39話
(そ……そう言えば……。確かに……見てた……)
セロテープを剥がした所為でボロボロになった膝掛けを見ては、春香の笑った顔やキリッとしたプロの顔を何度となく思い出していた。
「いや……。あの時は……」
雄太はボソボソと小さな声で話す。
梅野は信号が青になったのを確認すると、ゆっくりと車をスタートさせた。
「あの時は何? あ~。あの柔らかい膝掛けを見て、市村さんの柔らかい指を思い出して、人に言えない妄想して若い男の……」
「うわぁぁぁぁぁっ‼ やめてくださいぃぃぃぃぃっ‼」
梅野は運転中だと言うのに、ゲラゲラ笑う。
(そうだった……。この人はこう言う人だった……)
雄太はゼイゼイと息を切らす。
物腰柔らかなイケメンだが、梅野だって二十歳の男だ。
かなり際どい話を先輩達としていて、雄太がダッシュで逃げた事は 一度や二度ではない。
それを見た梅野から
「女と付き合った事もない……とか……?」
とコッソリと訊かれた事があった。
その時
「中学の時に付き合っていた彼女が居ましたけど、競馬学校に入ったら遠距離になる事と騎手と言う仕事を理解してもらえなくて別れました」
と話した事があった。
その後、更に傷付く話もあったが、さすがに話せないままになっている。
「俺……俺は……」
「お前の昔の彼女と市村さんは違うだろ? それとも、まだ元カノに未練があったりすんのか?」
雄太は首を横に振った。
「未練なんて欠片もないですよ。たまに思い出してしまう事はありますけど」
「過去だってケリ付けてんなら、自分の気持ちに素直になっても良いんじゃないのか? 無理矢理気持ちを押し込めなきゃなんない理由なんてないんだろ?」
「そう……ですね……」
中学生の幼い恋愛は、自分の夢と傍にいて欲しいと言う彼女の願いを秤にかけられ儚く終わった。

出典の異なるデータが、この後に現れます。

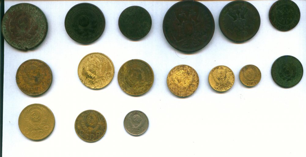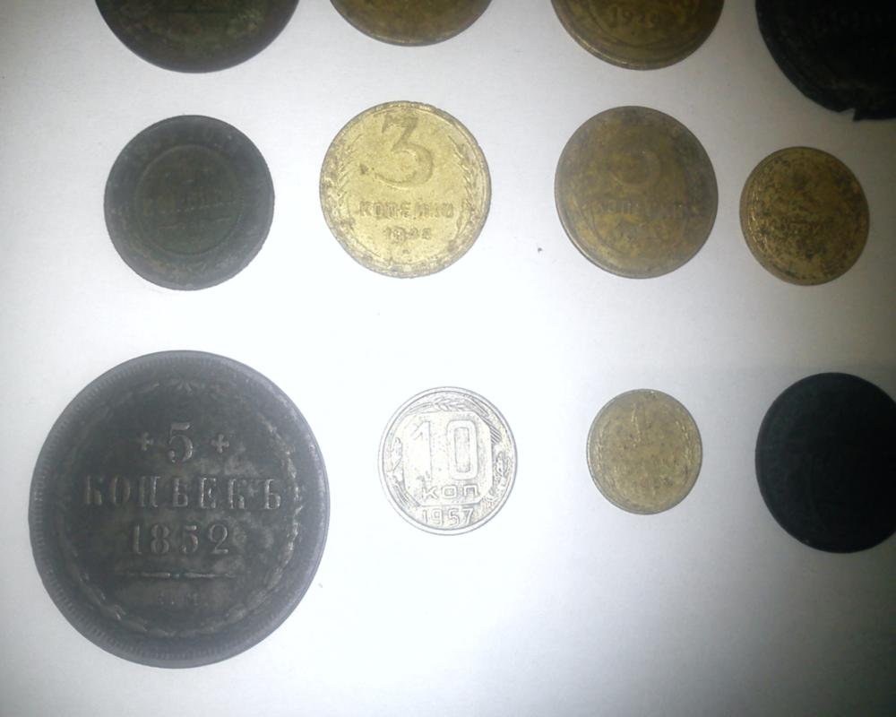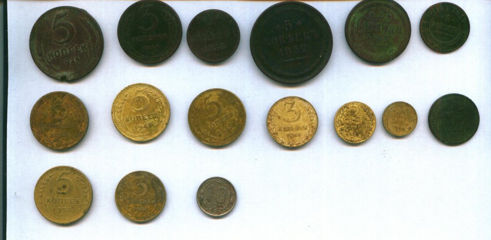 года не сильно видно 1 копейка 1904, 2 копейки 1863, 5 коп.1852, копейка 1856, 5коп.1924, 3коп,1924, 20 коп 1932, 1коп. 1955, 2 коп 1952, 3 коп 1948, 5коп 1929, 5 коп. 1949, 5коп 1946, 5коп 1952, 3коп. 1937, 10коп 1957

その頃と何か変わったのかと訊かれ、はっきりと言えるのは『何があっても夢は絶対に諦めない』と言う強い意志がある事。
「俺……ちゃんと考えてみます」
雄太がしっかりとした口調で言うと、梅野は頷いた。
(あれ……? 梅野さん、いつもと感じが違った……?)
「そうしろぉ~。まぁ、若い内は盛大に失恋しとけぇ~」
「ちょっ‼ 何でフラれる前提なんですかっ⁉」
梅野のセリフに、雄太は大声でつっこむ。
「フラれたら 飯奢ってやるぞぉ~」
ゲラゲラ笑いながら梅野は更に続けた。